LFI chair Joan Ryan called for Corbyn to apologise for his meetings with Hamas. She told i24 News: “It is appalling that Jeremy Corbyn chose to meet with representatives of an antisemitic terror group which seeks the destruction of Israel. Hamas is responsible for some of the most heinous terrorist crimes over recent years, including the murder of teenage girls outside a disco, and families in pizza restaurants and cafes. He should apologise immediately to the bereaved families of those butchered by these terrorists.”
Yesterday, the Daily Mail reported that Corbyn met high-profile supporters of Hamas at a meeting in parliament six months before he became Labour leader. Attendees included Azzam Tamimi, an academic who has praised Palestinian “martyrdom”.
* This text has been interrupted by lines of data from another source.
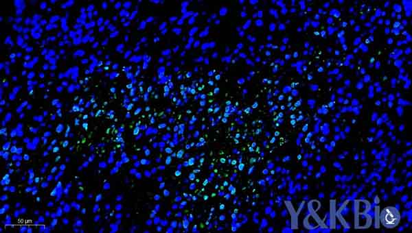 2.荧光tunel:DAPI染出来的细胞核在紫外的激发下为蓝色,阳性表达为绿色。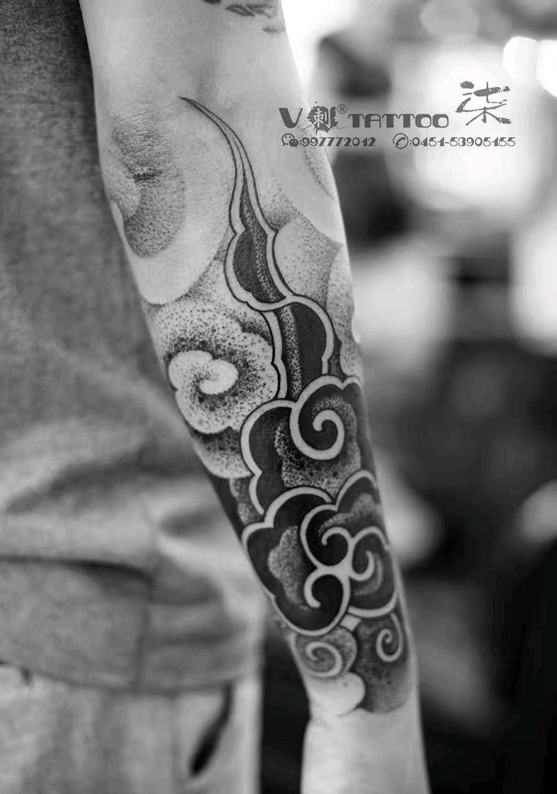 当前位置: 首页 >黑龙江省哈尔滨市纹身店-叁柒社纹身图案>祥云纹身图片_手臂手部传统习俗几何字符图腾原创成品手稿纹身图案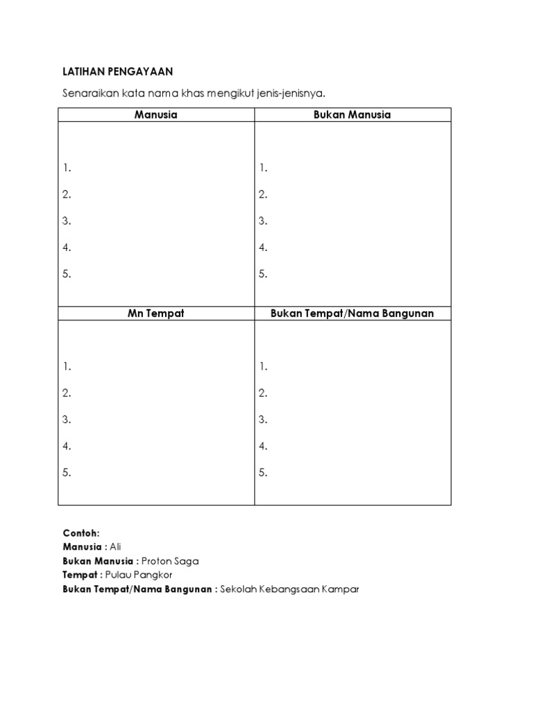 1.ali telah membeli sepasang kasut adidas. Puan min suan membuka pintu lalu masuk ke dalam rumah. Tetap akan berusaha dengan gigih untuk mencapai kejayaan yang. Kata nama ialah perkataan yang boleh menjadi unsur inti bagi binaan frasa nama. Kata nama khas menggunakan huruf besar pada huruf awal.

This week also saw controversy over a 2010 Morning Star article written by Corbyn in which he wrote that he enjoyed “a takeaway dinner” with Mashal in the parliament building in Gaza during the course of “a long meeting”.
Questioned by journalists this week, Corbyn said: “I don’t remember any takeaway dinners. I have met many people from many aspects of the Palestinian cause as a way of bringing about dialogue, as a way of bringing about peace.”
Writing in this week’s Jewish Chronicle, Ms Ryan questions the Labour leader’s claim that his only interest is in peace and that he will talk to anyone who wishes to bring that about.
“I am afraid this assertion is undermined by his repeated failure to engage with Israelis,” she suggests.
“Since becoming Labour leader he has repeatedly refused to accept invitations to travel to Israel, even to visit Yad Vashem.
“Over many years, he has instead met repeatedly with those who seek Israel’s destruction and who have the blood of hundreds of its citizens on their hands. He has lent them the respectability of meeting a member of the British parliament. They have given nothing in return. This is not at all how peace is achieved.
“His behaviour – together with his incomprehensible unwillingness to, for instance, apologise to the widows of those whose husbands were murdered at Munich for his actions – has thus done nothing to lead Israelis to believe that, as Prime Minister, he could play a part in any future peace process.”